A: 本気で購入を検討している買主は、値下げが通らなくても条件次第で購入を決めるケースが多いです。実際に断った後でも約2割の買主が再交渉に戻るとされています。
万が一離れてしまった場合でも、新たな買主が現れるまでの期間は平均4〜6週間です。内覧数が安定していれば、焦る必要はありません。
Q: 不動産会社から値下げを勧められた場合も断って大丈夫ですか?
A: 不動産会社が値下げを勧める場合は、その根拠を確認してください。内覧件数の減少や競合物件の動向など、納得できる理由があれば検討の余地はあります。
しかし、明確な根拠がなく「とりあえず下げましょう」という提案であれば、断っても問題ありません。判断材料として直近3ヶ月の内覧数と問い合わせ数を出してもらうとよいでしょう。
Q: 売り出しから何ヶ月経ったら値下げを検討すべきですか?
A: 一般的には3ヶ月が一つの目安とされています。媒介契約の更新時期でもあり、売却戦略を見直すタイミングとして適切です。
ただし、内覧が月2件以上入っている場合は、価格よりも物件の見せ方や広告を改善するほうが効果的なこともあります。状況に応じて不動産会社と相談してください。

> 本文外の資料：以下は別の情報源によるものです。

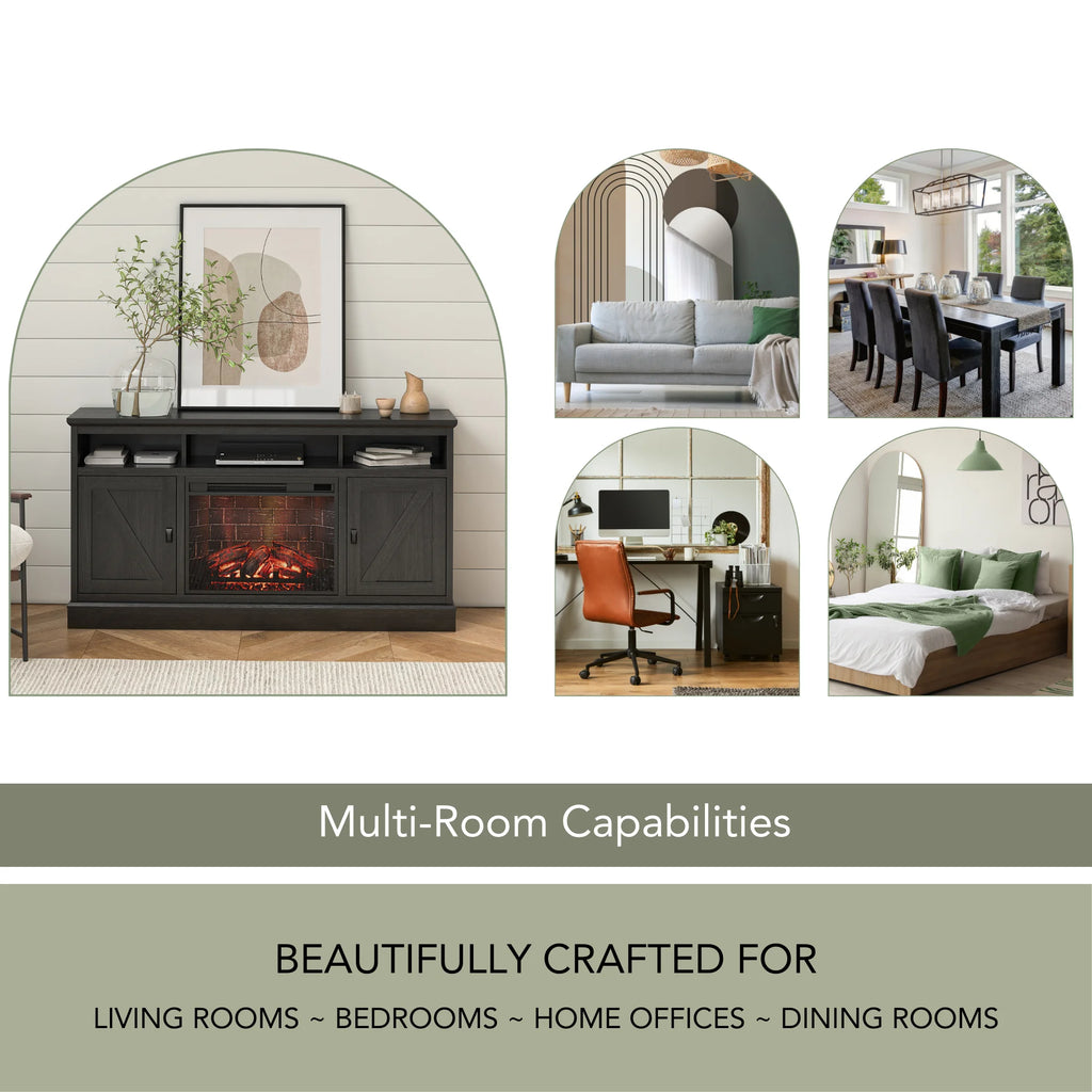 Transform your living space with the Ameriwood Home Ashton Lane Electric Fireplace TV Stand, a sophisticated entertainment solution that merges style with functionality. This console accommodates flat-panel TVs up to 65 inches while housing a remote-controlled 23″ electric fireplace insert that delivers realistic flame visuals and zone heating up to 400 square feet. Toggle between warmth settings (72–82°F) or enjoy the ambiance-only mode with adjustable brightness. The durable LED system operates up to 50,000 hours, while dual side cabinets with four concealed shelves and an open divided shelf provide ample storage for media components and gaming devices. Dual-control operation via remote or touchpad display offers convenience, and the cool-to-touch front ensures safety around children and pets. Finished in black oak, this 58″ W × 15.75″ D × 31.125″ H unit arrives flat-packed and requires assembly.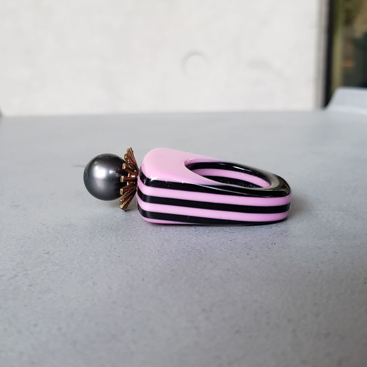 CR-0095 / U.S. / Israel / ピンク&ブラックボーダー / ルーサイト / ブラック貝パール / Vintage combo ring

Q: 値下げせずに早く売るためにできることはありますか?
A: 価格を下げなくても、売却を早める方法はいくつかあります。
物件写真のプロ撮影への変更、室内のハウスクリーニング、内覧時の印象改善(照明・換気・整理整頓)、掲載ポータルサイトの追加などが効果的です。これらの対策で内覧から成約への転換率が1.5〜2倍に向上した事例もあります。